- Seal
- New Qena Location in Egypt
- Coordinates: 26°14′06″N 32°44′24″E﻿ / ﻿26.235°N 32.74°E
- Country: Egypt
- Governorate: Qena
- Founded: 2000

Government
- • Head of New Qena City Authority: Mustafa Saeed

Area
- • Total: 97.934 km^{2} (37.813 sq mi)

Population (Target Population)
- • Total: 130,000
- • Density: 1,300/km^{2} (3,400/sq mi)
- Time zone: UTC+2 (EET)
- • Summer (DST): UTC+3 (EEST)
- Postal code: 83511
- Area code: +20 (96)

= New Qena =

New Qena (قنا الجديدة) is a city in the Qena Governorate, Egypt. It was established by Presidential Decree 197/2000 as part of the NUCA New Cities program as a Third Generation city. The total cost of the planned city is E£ 3 billion and it will house 130,000 people.

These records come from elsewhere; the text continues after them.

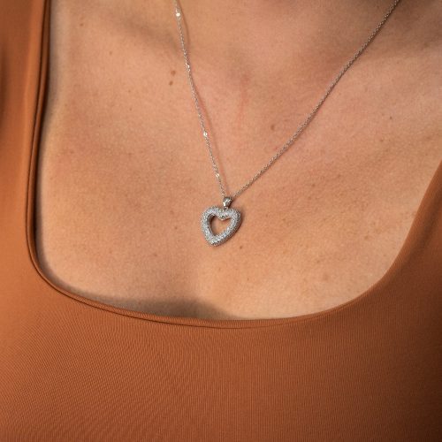 Colar Pingente Coração Bold Cravejado Aço Prata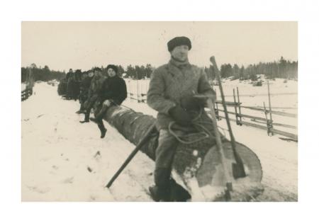 Utkörning av stock för Rökiö biblioteksförenings hus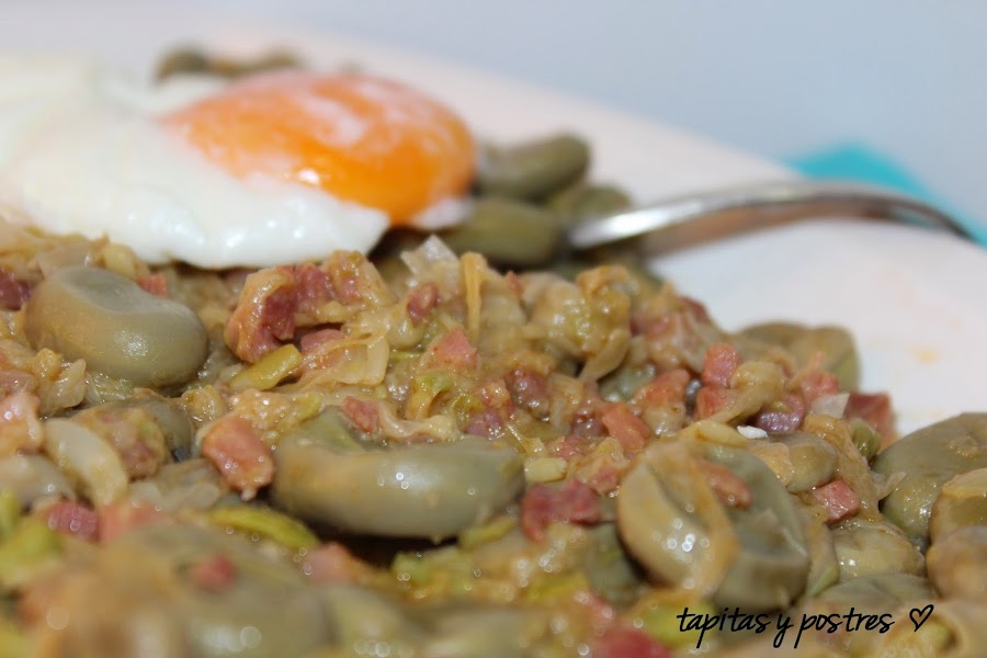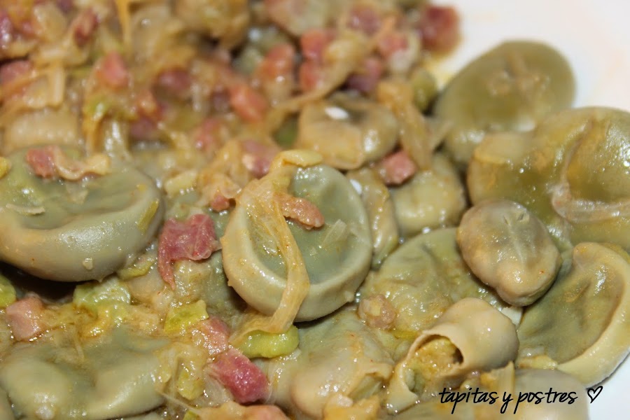 El viernes recogieron las habas. Son unas habas hermosas, sin ningún componente químico que las altere. A veces, si la cosecha es abundante, se reparte entre los compañeros. Esta vez, me dieron un puñadito de habas a mí, para que las probara y la receta más socorrida es Habas con jamón.

The city's total area is 24,200 acres, but the urban area only covers approximately 7,000 acres and is located in the northwest area of the city. There are a total of 6,068 housing units planned, of which 5,078 are currently built, as of February 2023. Construction of a E£ 152.9 million dollar hospital is also underway, which when finished will be 8 floors and have 175 beds.